• Task directions: Entries follow. Give back exactly the lines starting at the one containing "Sling nightdress women's" and ending at the one containing "Evil Ernie takes", and no other lines.
======== Supplied material ========
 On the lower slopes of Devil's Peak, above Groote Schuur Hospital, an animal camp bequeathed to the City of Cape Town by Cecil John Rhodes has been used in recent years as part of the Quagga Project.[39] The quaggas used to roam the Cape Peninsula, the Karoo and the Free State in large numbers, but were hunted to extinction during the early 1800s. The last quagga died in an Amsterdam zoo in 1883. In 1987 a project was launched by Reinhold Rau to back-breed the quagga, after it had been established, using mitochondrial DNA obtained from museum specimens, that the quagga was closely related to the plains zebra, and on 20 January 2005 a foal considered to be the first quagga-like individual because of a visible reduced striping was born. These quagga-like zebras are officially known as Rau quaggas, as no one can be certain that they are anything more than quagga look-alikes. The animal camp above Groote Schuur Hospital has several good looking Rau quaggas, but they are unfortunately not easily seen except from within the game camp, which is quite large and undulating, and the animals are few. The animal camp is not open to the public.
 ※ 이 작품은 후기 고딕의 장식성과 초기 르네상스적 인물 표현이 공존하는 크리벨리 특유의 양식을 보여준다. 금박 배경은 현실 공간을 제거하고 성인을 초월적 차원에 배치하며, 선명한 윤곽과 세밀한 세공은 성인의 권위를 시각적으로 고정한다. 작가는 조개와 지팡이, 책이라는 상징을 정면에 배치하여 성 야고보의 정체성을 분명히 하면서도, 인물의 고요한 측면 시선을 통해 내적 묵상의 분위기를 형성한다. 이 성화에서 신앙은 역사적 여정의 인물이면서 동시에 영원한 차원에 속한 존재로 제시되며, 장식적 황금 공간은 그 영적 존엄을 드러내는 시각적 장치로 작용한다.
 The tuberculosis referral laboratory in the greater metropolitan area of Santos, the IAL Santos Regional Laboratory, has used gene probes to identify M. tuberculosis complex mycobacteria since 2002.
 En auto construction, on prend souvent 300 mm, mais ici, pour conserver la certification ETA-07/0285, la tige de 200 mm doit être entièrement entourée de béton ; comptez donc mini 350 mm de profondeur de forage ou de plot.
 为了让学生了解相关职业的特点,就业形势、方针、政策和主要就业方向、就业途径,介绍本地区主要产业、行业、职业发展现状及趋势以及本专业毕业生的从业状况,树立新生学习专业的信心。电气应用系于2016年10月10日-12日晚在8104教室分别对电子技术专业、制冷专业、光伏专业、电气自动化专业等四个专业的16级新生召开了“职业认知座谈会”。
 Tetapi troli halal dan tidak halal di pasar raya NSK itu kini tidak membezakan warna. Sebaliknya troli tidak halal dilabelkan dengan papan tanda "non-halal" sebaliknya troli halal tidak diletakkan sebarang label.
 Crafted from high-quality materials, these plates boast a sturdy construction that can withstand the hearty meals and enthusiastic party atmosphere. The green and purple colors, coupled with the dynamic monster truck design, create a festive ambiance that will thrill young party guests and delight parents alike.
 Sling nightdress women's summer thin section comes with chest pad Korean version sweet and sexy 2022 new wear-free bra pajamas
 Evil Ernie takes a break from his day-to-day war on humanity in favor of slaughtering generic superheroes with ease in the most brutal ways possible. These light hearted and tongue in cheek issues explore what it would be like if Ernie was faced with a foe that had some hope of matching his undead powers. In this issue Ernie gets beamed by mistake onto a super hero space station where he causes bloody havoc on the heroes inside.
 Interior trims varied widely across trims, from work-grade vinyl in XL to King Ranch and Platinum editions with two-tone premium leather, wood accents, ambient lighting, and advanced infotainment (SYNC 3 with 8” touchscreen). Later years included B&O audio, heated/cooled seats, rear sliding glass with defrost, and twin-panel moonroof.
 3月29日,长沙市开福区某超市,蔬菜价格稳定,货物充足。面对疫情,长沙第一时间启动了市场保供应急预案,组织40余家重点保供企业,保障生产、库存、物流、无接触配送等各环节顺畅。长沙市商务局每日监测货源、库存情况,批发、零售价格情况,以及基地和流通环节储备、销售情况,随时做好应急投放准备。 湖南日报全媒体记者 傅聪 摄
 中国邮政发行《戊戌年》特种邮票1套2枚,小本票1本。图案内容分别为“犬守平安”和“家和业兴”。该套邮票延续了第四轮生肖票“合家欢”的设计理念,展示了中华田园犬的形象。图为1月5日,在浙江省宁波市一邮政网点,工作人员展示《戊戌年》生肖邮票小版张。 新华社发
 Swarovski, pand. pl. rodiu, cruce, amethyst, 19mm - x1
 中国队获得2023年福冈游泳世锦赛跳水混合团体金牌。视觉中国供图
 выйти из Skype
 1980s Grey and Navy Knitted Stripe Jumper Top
========
======== Supplied material ========
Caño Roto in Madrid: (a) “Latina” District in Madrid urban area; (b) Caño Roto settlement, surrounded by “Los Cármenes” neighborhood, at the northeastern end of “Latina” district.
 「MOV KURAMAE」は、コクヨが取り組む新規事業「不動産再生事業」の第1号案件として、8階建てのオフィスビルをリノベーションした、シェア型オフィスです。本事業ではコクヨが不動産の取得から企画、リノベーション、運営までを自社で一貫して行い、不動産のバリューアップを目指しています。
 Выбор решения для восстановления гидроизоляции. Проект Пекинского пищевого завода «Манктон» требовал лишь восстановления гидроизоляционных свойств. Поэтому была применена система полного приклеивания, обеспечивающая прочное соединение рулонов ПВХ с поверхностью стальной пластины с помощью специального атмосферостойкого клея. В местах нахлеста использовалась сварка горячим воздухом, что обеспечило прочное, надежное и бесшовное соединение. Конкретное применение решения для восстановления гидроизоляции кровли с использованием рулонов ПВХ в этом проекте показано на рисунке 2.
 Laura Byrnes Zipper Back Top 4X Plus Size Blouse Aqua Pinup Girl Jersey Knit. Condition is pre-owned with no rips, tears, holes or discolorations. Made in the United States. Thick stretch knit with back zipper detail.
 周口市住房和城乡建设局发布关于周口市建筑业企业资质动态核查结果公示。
========
======== Supplied material ========
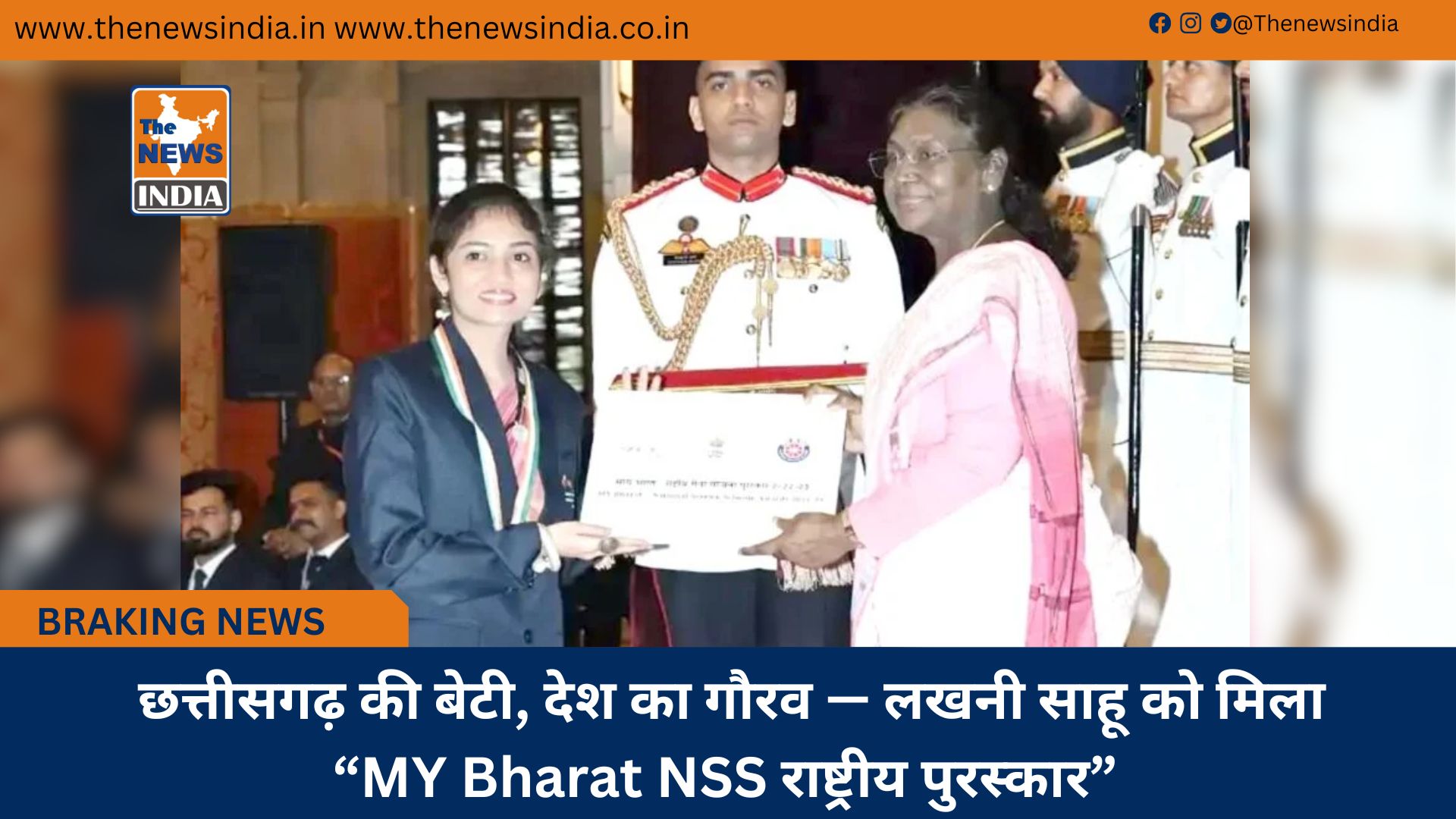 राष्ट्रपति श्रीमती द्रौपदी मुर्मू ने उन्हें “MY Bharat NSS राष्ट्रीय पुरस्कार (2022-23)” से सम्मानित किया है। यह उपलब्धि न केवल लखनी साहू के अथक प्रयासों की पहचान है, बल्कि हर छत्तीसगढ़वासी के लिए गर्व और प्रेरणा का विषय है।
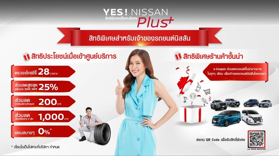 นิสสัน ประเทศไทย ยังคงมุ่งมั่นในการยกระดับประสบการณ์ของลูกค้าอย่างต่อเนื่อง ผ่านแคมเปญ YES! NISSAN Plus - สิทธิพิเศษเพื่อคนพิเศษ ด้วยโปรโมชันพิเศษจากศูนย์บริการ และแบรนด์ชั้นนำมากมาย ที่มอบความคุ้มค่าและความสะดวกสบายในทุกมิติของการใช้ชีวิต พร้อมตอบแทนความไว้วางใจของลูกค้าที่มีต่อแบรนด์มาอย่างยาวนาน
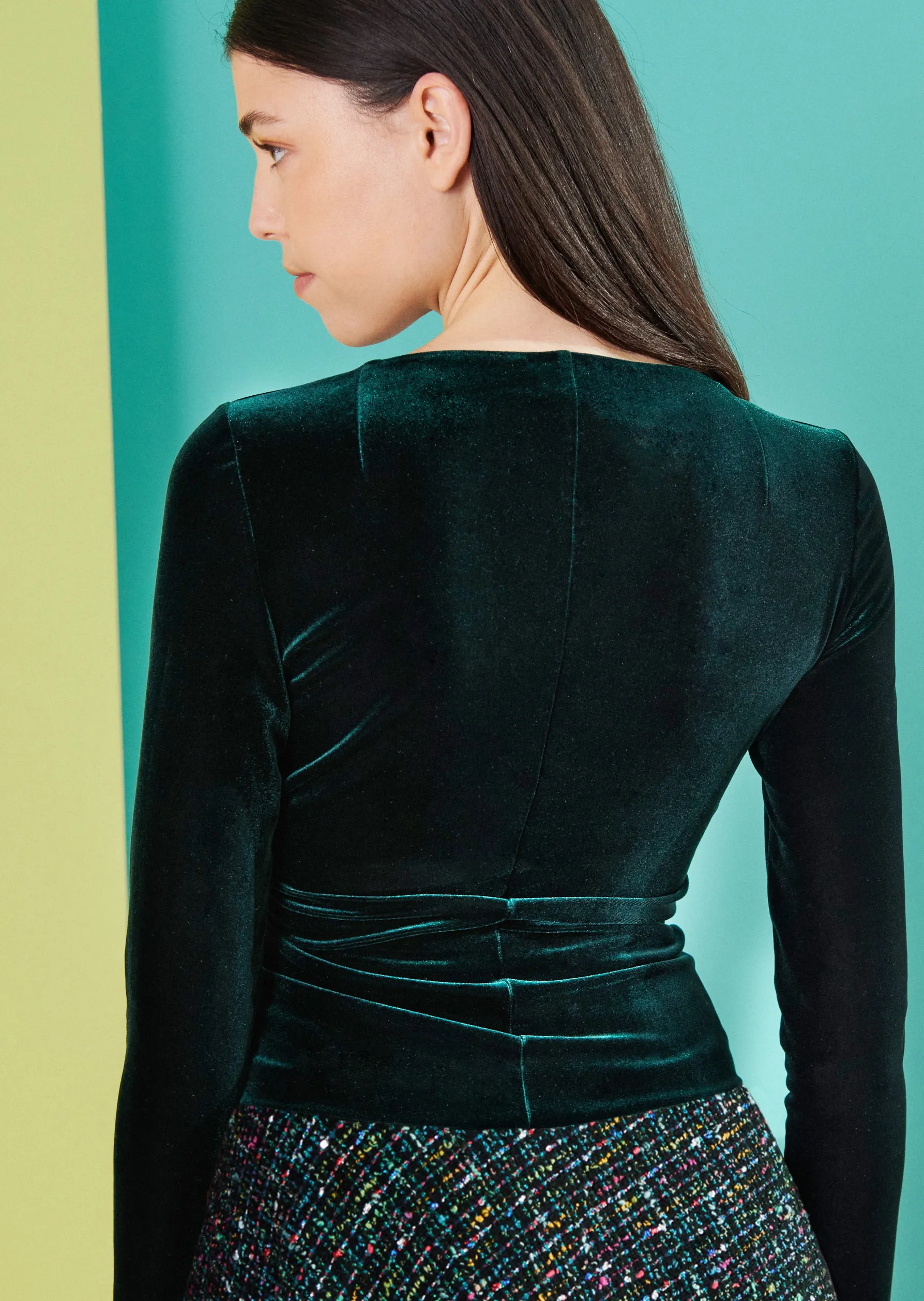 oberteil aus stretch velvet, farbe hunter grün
========
• Solution to this exercise:
 Sling nightdress women's summer thin section comes with chest pad Korean version sweet and sexy 2022 new wear-free bra pajamas
 Evil Ernie takes a break from his day-to-day war on humanity in favor of slaughtering generic superheroes with ease in the most brutal ways possible. These light hearted and tongue in cheek issues explore what it would be like if Ernie was faced with a foe that had some hope of matching his undead powers. In this issue Ernie gets beamed by mistake onto a super hero space station where he causes bloody havoc on the heroes inside.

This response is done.